- Directed by: Jeffrey Goodman
- Written by: Peter Biegen Max Allan Collins
- Produced by: David Koplan
- Starring: Tom Sizemore Sasha Alexander Sprague Grayden Randall Batinkoff Bill Smitrovich
- Cinematography: Richard Rutowski
- Music by: Ben Lovett
- Distributed by: Chaillot Films
- Release date: March 28, 2008 (AFI Dallas International Film Festival);
- Running time: 93 minutes
- Country: United States
- Language: English
- Budget: $2,000,000

= The Last Lullaby =

The Last Lullaby is a 2008 film noir starring Tom Sizemore, and Sasha Alexander. Filming took place in Shreveport, Louisiana.

The film won the Best Actress (Sasha Alexander) and Audience Award at the San Diego Film Festival in 2008.

== Plot ==
Price is an ex-hitman who retired to live the "easy life" only to find himself restless. He takes one final contract on Sarah, a small town library employee, only to fall in love with his target.

== Production ==
The film, an adaptation of the novel The Last Quarry by Max Allan Collins, was entirely shot in and around Shreveport. It was the director’s first feature film.

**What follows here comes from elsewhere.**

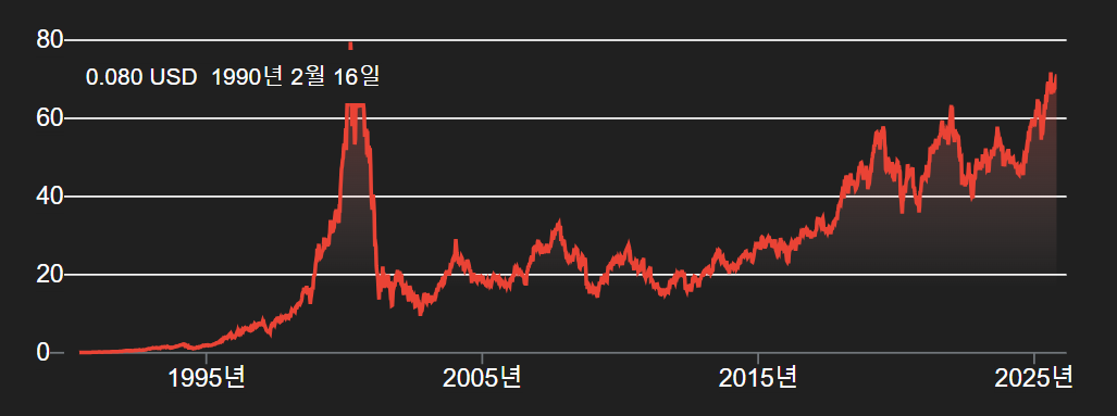 2009년 아이폰 탄생 시점부터 다시 투자했어도 나쁘지않은 상승율이네요

In an interview, Sizemore said that the film was one of the things he had done he liked best.

== Cast ==
- Tom Sizemore as Price
- Sasha Alexander as Sarah
- Bill Smitrovich as Martin
- Sprague Grayden as Jules
- Ray McKinnon as Ominous Figure
- Randall Batinkoff as Rick
- Jerry Hardin as Martin Lennox
- Smith Cho as Connie

== Reception ==
A review wrote: "As per its noir pedigree, The Last Lullaby peppers the tale with colorful characters and familiar faces (including excellent aging character actors like Bill Smitrovich and Jerry Hardin, doing yeoman’s work as those immoral top-of-the-food-chain characters deviously pulling their strings).”

Another review praised the lead actor and direction: ”Tom Sizemore as the lead carries the movie very effectively. Goodman give scenes time to build, allowing Sizemore’s fidgetiness, twitching and somber gaze to accentuate the character’s melancholy. ”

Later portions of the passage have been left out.